K8s Argo Rollouts 배포 전략 – 테오의 저장소

Argo Rollouts란?

Argo Rollouts는 Kubernetes의 기본 Deployment 롤링 업데이트를 넘어, 카나리(Canary), 블루-그린(Blue-Green), 프로그레시브 딜리버리 전략을 선언적으로 구현하는 컨트롤러입니다. 트래픽을 점진적으로 이동하며 메트릭 기반 자동 판단(Analysis)으로 안전한 배포를 보장합니다.

이 글에서는 카나리 배포 설정, 블루-그린 전환, AnalysisTemplate 메트릭 검증, 트래픽 관리(Istio/NGINX), 롤백 전략까지 실무 운영 패턴을 다룹니다.

Rollout 리소스 기본 구조

Argo Rollouts는 Deployment 대신 Rollout 리소스를 사용합니다. 스펙은 Deployment와 거의 동일하되 strategy 섹션이 핵심입니다.

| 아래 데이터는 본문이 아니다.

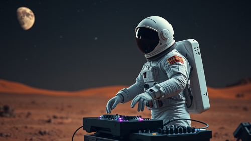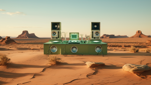Create a DJ mixing desk and turntables with levitation speakers, super-realistic photography, the striking feature in this footy desert landscape is a luminous, green light --ar 16:9

apiVersion: argoproj.io/v1alpha1
kind: Rollout
metadata:
  name: api-server
  namespace: production
spec:
  replicas: 5
  revisionHistoryLimit: 3
  selector:
    matchLabels:
      app: api-server
  template:
    metadata:
      labels:
        app: api-server
    spec:
      containers:
        - name: api
          image: myregistry/api-server:v2.1.0
          ports:
            - containerPort: 8080
          resources:
            requests:
              cpu: 500m
              memory: 512Mi
          readinessProbe:
            httpGet:
              path: /health
              port: 8080
            initialDelaySeconds: 10
            periodSeconds: 5
  strategy:
    canary:
      # 카나리 전략 상세 설정은 아래에서

카나리 배포: 점진적 트래픽 이동

spec:
  strategy:
    canary:
      # 카나리 Service와 안정 Service 분리
      canaryService: api-server-canary
      stableService: api-server-stable

      # 트래픽 라우팅 (NGINX Ingress 사용)
      trafficRouting:
        nginx:
          stableIngress: api-server-ingress
          additionalIngressAnnotations:
            canary-by-header: X-Canary
            canary-by-header-value: "true"

      # 단계별 배포 전략
      steps:
        # 1단계: 5% 트래픽으로 시작
        - setWeight: 5
        - pause: { duration: 2m }

        # 2단계: 메트릭 분석 실행
        - analysis:
            templates:
              - templateName: success-rate-analysis
            args:
              - name: service-name
                value: api-server-canary

        # 3단계: 20%로 증가
        - setWeight: 20
        - pause: { duration: 5m }

        # 4단계: 수동 승인 대기
        - pause: {}  # duration 없으면 수동 승인 필요

        # 5단계: 50%로 증가
        - setWeight: 50
        - pause: { duration: 10m }

        # 6단계: 최종 분석
        - analysis:
            templates:
              - templateName: full-analysis
            args:
              - name: service-name
                value: api-server-canary

        # 7단계: 100% (자동 프로모트)
        - setWeight: 100

steps의 각 단계에서 pause로 대기, analysis로 메트릭 검증, setWeight로 트래픽 비율을 조절합니다. pause: {}는 수동 승인이 필요한 게이트입니다.

블루-그린 배포

spec:
  strategy:
    blueGreen:
      # 활성 Service (현재 프로덕션 트래픽)
      activeService: api-server-active
      # 프리뷰 Service (새 버전 테스트용)
      previewService: api-server-preview

      # 프리뷰 레플리카 수 (기본: 동일)
      previewReplicaCount: 2

      # 자동 프로모션 활성화 여부
      autoPromotionEnabled: false

      # 자동 프로모션 대기 시간 (autoPromotionEnabled: true일 때)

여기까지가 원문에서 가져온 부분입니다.